• _Problem requirements_
Retype the listing exactly, minus its pictures.

*** Opening Recorded data ***

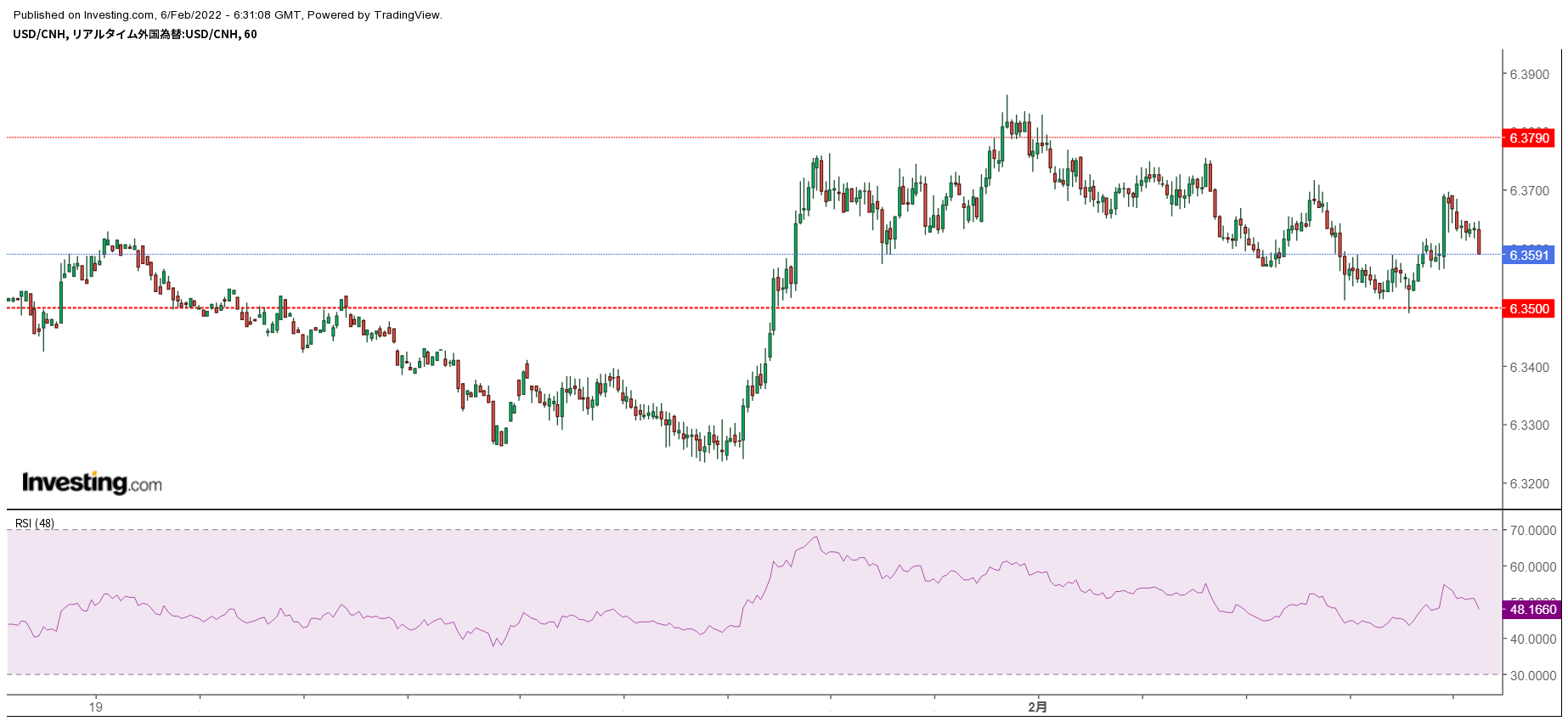 - 先週末の終値:USD/CNH 6.3576
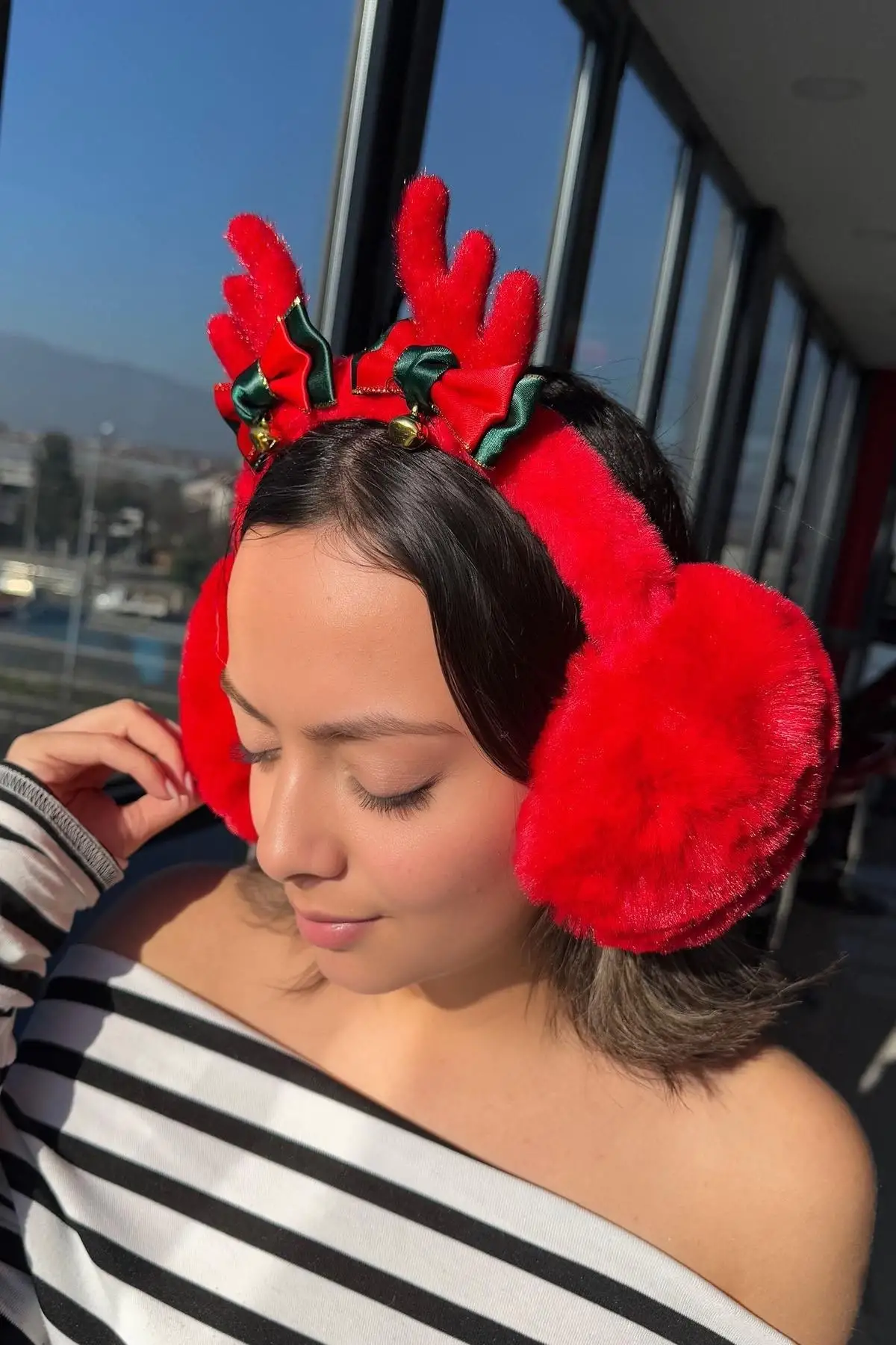 Kırmızı Renk Kurdele Figürlü Çan Detaylı Peluş Kulaklık
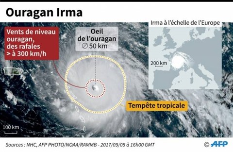 >>L'ouragan Irma, passé en catégorie 5, s'approche des Antilles
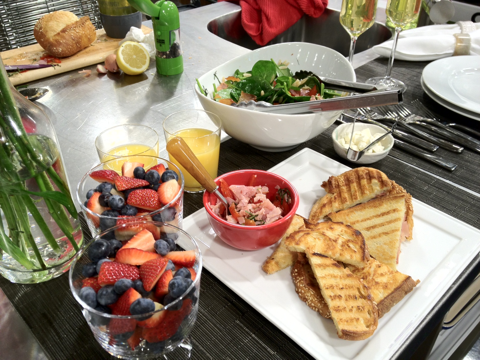 Then, while we compared non-stick skillets, Claudia prepared brunch for us.

*** Closing Recorded data ***

• _Expected answer_
 - 先週末の終値:USD/CNH 6.3576
 Kırmızı Renk Kurdele Figürlü Çan Detaylı Peluş Kulaklık
 >>L'ouragan Irma, passé en catégorie 5, s'approche des Antilles
 Then, while we compared non-stick skillets, Claudia prepared brunch for us.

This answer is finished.